AE 730 Advanced Experimental Fluid Dynamics (3)
This course includes theory, operation and hands-on laboratory experiments on various flow measurement techniques including: multi-hole directional pitot probes, hot-wire anemometry, laser-Doppler velocimetry and particle image velocimetry. Flow visualization techniques including smoke injection, dye injection, helium bubbles, etc. are presented.
AE 731 Supersonic Aerodynamics Laboratory (1)
Supersonic wind tunnel and shock tube operations, techniques, and instrumentation are presented, as well as flow study and model testing.
AE 732 Flight Test Principles and Practice (3)
This course presents aerodynamic, structural and/or power plant instrumentation and measurement of aircraft in flight for analytical evaluation.
AE 743 Compressible Aerodynamics (3)
This course presents advanced supersonic flow theory for aircraft and space vehicles. Naiver-Stokes equations, method of characteristics, separated flows, and real gas effects are also presented.
AE 745 Applied Wing and Airfoil Theory (3)
Applications of potential flow theory to aerodynamics of airfoil sections, wings and wing-body combinations are presented. This course also provides an introduction to high angle-of-attack and transonic aerodynamics.
AE 746 Computational Fluid Dynamics (3)
This course presents applications of numerical techniques and digital computers in solving fluid flow problems. Solutions involving incompressible and compressible flows, and inviscid and viscous flows are also discussed. Also included are finite difference techniques for different types of partial differential equations governing the fluid flow.

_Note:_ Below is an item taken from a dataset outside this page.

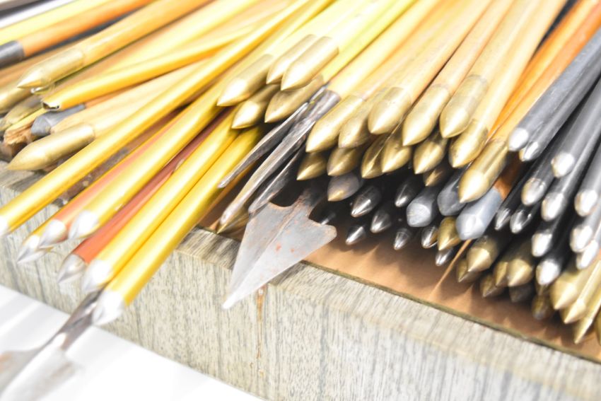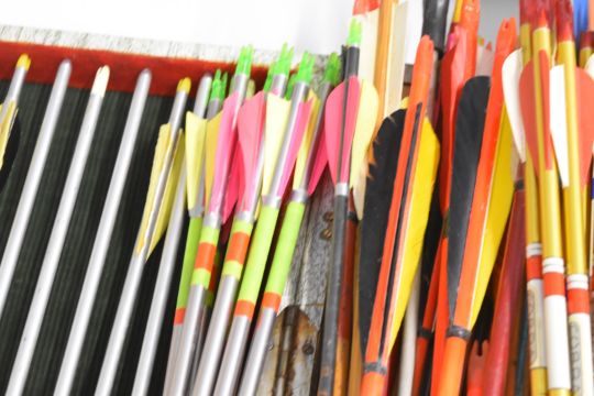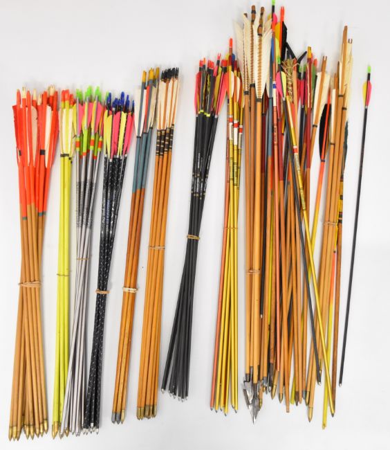 Over 100 archery arrows including aluminum and wooden examples, some in cases.

AE 748 Helicopter Aerodynamics (3)
Included in this course are helicopter components and their functioning; rotor aerodynamics, performance, stability and control; aeroelastic and vibrations.
AE 750 Applied Optimal Control (3)
This course provides an introduction to optimal control for multi-input/multi-output control system design. Also discussed are continuous regulator and non-zero set point (servo) problems; advanced controller structures including control rate weighing and proportional-integral form, and problems taken from aerospace applications including autopilot designs.
AE 751 Advanced Airplane Dynamics (2)
This course presents theory of elastic airplane stability and control using quasi-steady math models. This course further provides an introduction to theory of nonlinear airplane stability and response behavior. Also included are roll and pitch coupling phenomena, and Lyapunov stability and approximate inverse Laplace transform methodology. Airplane response to atmospheric turbulence using power spectral density methods and Lagrangean dynamics are also presented. Prerequisite: AE 551
Coordinator: Dr. Richard Colgren
Topics: 1) Aerodynamic influence coefficients, 2) Structural influence coefficients, 3) Matrix solutions to elastic airplane stability and control derivatives, 4) Examples of nonlinear airplane responses, 5) Pitch and roll coupling, 6) Lyapunov stability theory, 7) Approximate inverse Laplace transforms applied to nonlinear differential equations, 8) Modeling of atmospheric turbulence, 9) Power spectral density, 10) Response of airplanes to turbulence, and 11) Lagrangean dynamics.
AE 753 Digital Flight Controls (3)
Introduction to the analysis and design of digital flight control systems including a review of continuous linear control theory, typical flight control structures, effects of digital implementation, mathematical model of a digital computer, Z-transforms, Z-plane analysis of digital systems, and direct digital design in the Z-plane.
AE 754 Missile Dynamics (3)
This course includes design of missile configurations; general equations of motion; aerodynamics of missiles in subsonic through hypersonic flight regimes; theory of missile trajectory; linear and nonlinear theories of missile flight dynamics; introduction to guidance and control; launching problems, and free flight dispersions. Prerequisite: AE 551 Coordinator: Dr. C. Edward Lan Topics: 1) Missile aerodynamics, 2) Missile trajectories, 3) Simple angular motion and applications, 4) Linear theory of missile flight dynamics, 5) Special topics in missile dynamics, and 6) Guidance techniques and control of guided missiles.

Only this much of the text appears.